Algorithms and Data Structures for de novo Sequence Assembly
- Author(s): Alhakami, Hind
- Advisor(s): Lonardi, Stefano
- et al.
Despite the prodigious throughput of the sequencing instruments currently on the market, the assembly problem remains very challenging, mainly due to the repetitive content of large genomes, uneven sequencing coverage, and the presence of (non-uniform) sequencing errors and chimeric reads. The third generation of sequencing technology such as Pacific Biosciences and Oxford Nanopore offers very long reads at a higher cost per base, but sequencing error rate is much higher. As a consequence, the final assembly is very rarely entirely finished, with one solid sequence per chromosome. Instead, the typical output is an unordered/unoriented set of contiguous regions called contigs. We examine two different but related problems in this study; merging multiple assemblies produced using different assemblers/parameters, and stitching assembled BACs to create a genome-wide assembly.

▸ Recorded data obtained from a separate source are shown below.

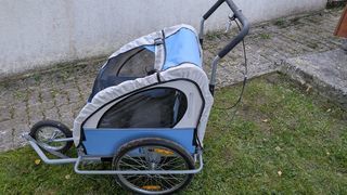 remorque vélo pour enfants très peu servie On peut s'en servir comme poussette pour deux enfants 3ème roue démontable si vélo
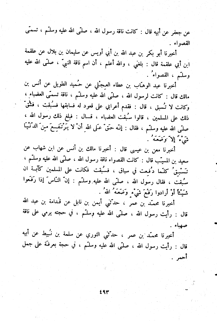 أَخْبَرَنَا أَبُو بَكْرِ بْنُ عَبْدِ اللَّهِ بْنِ أَبِي أُوَيْسٍ، عَنْ سُلَيْمَانَ بْنِ بِلَالٍ، عَنْ عَلْقَمَةَ بْنِ أَبِي عَلْقَمَةَ قَالَ: بَلَغَنِي وَاللَّهُ أَعْلَمُ أَنَّ §اسْمَ نَاقَةِ النَّبِيِّ صلّى الله عليه وسلم الْقَصْوَاءُ
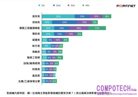 越來越多企業組織將OT場域的安全管理與資安長(CISO)的策略更緊密結合,Fortinet數據顯示,具備這種傾向的企業組織比例,已從2023年的17%增長到今年的27%。於此同時,將OT安全責任轉移至其他最高管理層職位(C-suite角色,包括CIO、CTO和COO)的比例,在未來一年內預計將會提升到60%以上,清楚地顯示出企業組織在2024年後對OT安全和風險管理的高度重視。此外,調查也顯示,在某些組織中,雖然CIO未直接負責OT安全管理,但這些責任正從網路工程總監上升至營運副總裁,進一步顯示了OT安全管理工作在組織中重要性的提升。無論由哪一個職位負責監督OT安全的工作,皆代表OT安全正成為企業高層的關注焦點。
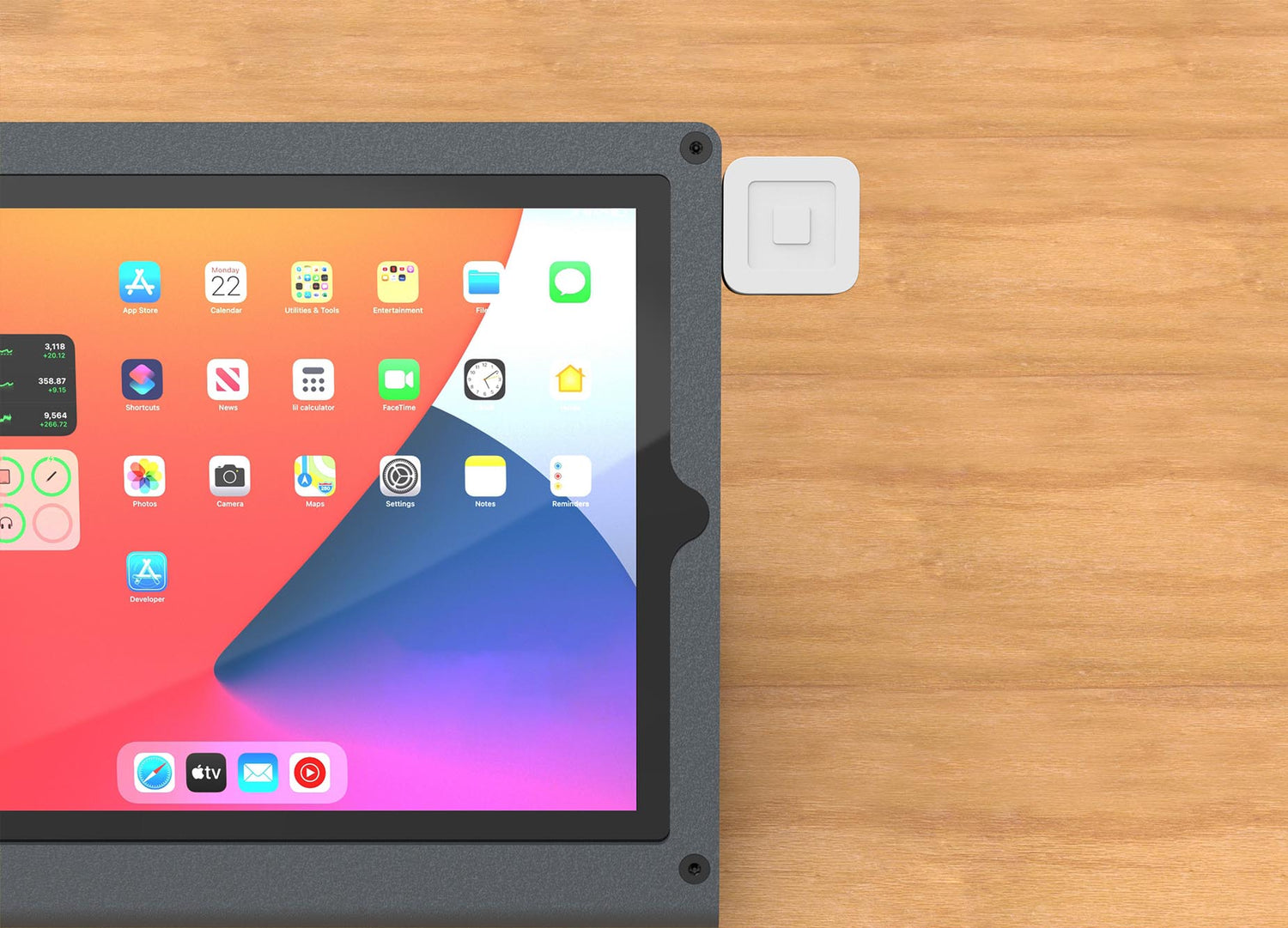 With WindFall Stand Prime iPad holder, we’ve made our patented WindFall iPad Stand even better with enhanced security and broader card reader support. This is the perfect, modern iPad stand for your business or shop. PivotTable sold separately.
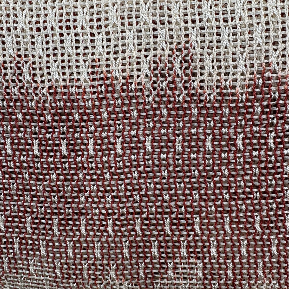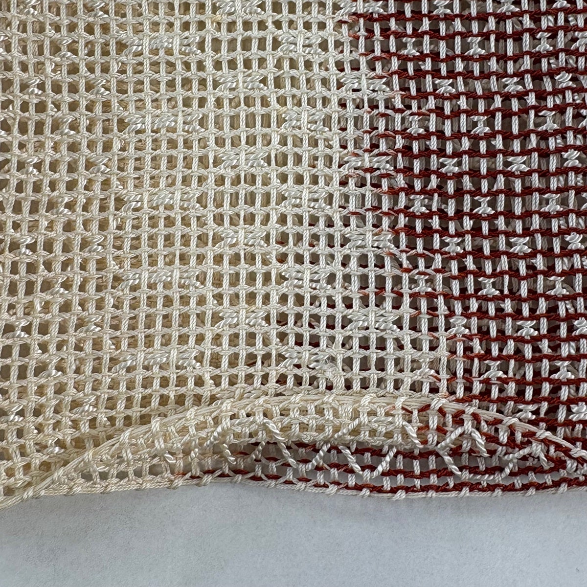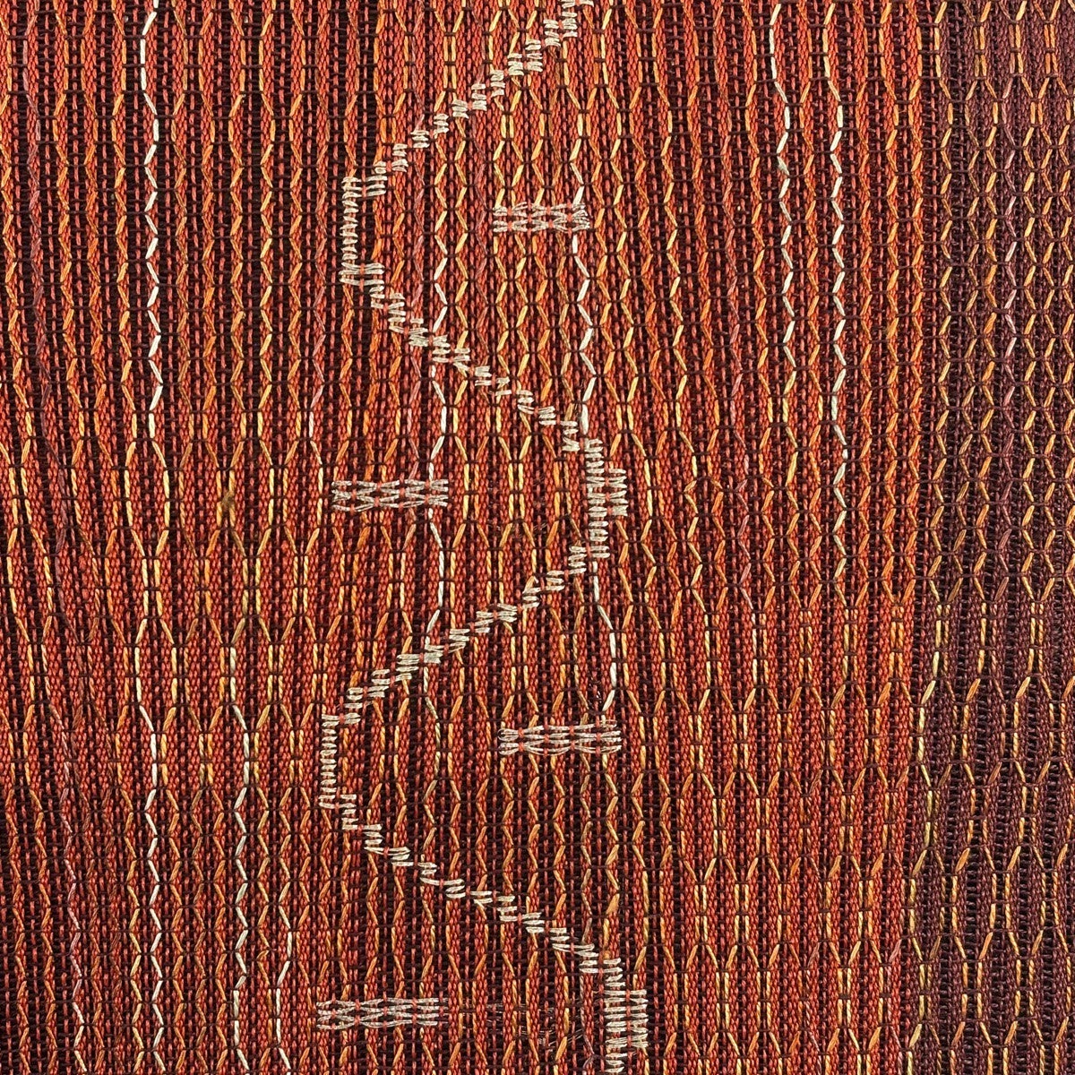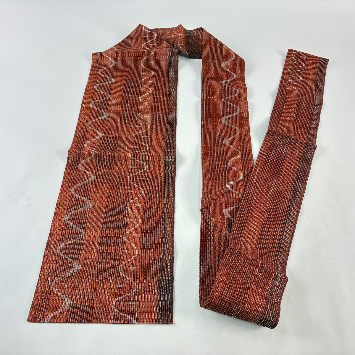 【美品】 名古屋帯 秀品 夏帯 幾何学 銀糸 赤茶 正絹

The contribution of this dissertation is twofold. First, compact encoding of finite sets of strings is a classic problem. The manipulation of large sets requires compact data structures that allow for efficient set operations. We defined sequence decision diagrams (SeqDDs), which can encode arbitrary finite sets of strings over an alphabet.
Second, reassembly of existing overlapping contigs with the intent to produce a higher quality genome-wide assembly. Second, merge multiple assemblies to produce a higher quality consensus is a compelling problem. We conducted a comparative study of state of the art assembly reconciliation tools, with the intent to use them in assembling a set of approximately four thosands Vigna unguiculata (cowpea) assembled BACs. To accomplish this task, we developed Colored-Positioned de bruijn graph, a variant of the classic de bruijn graph to stitch overlapped assemblies.
In this Dissertation we studied and developed data structures and algorithms to merge overlapping assemblies. In particular: (1) Introduced sequence decision diagrams (SeqDDs) to enable compact encoding of finite sets of strings that allow for efficient set operations, among which detecting overlaps. (2) carried a comparative study of state of the art assembly reconciliation tools. and (3) developed tools to cluster overlapped BACs and assemble said clusters. Our assembler implements colored-positioned de bruijn graph, an augmented variant of the classic de bruijn graph, defined in this study.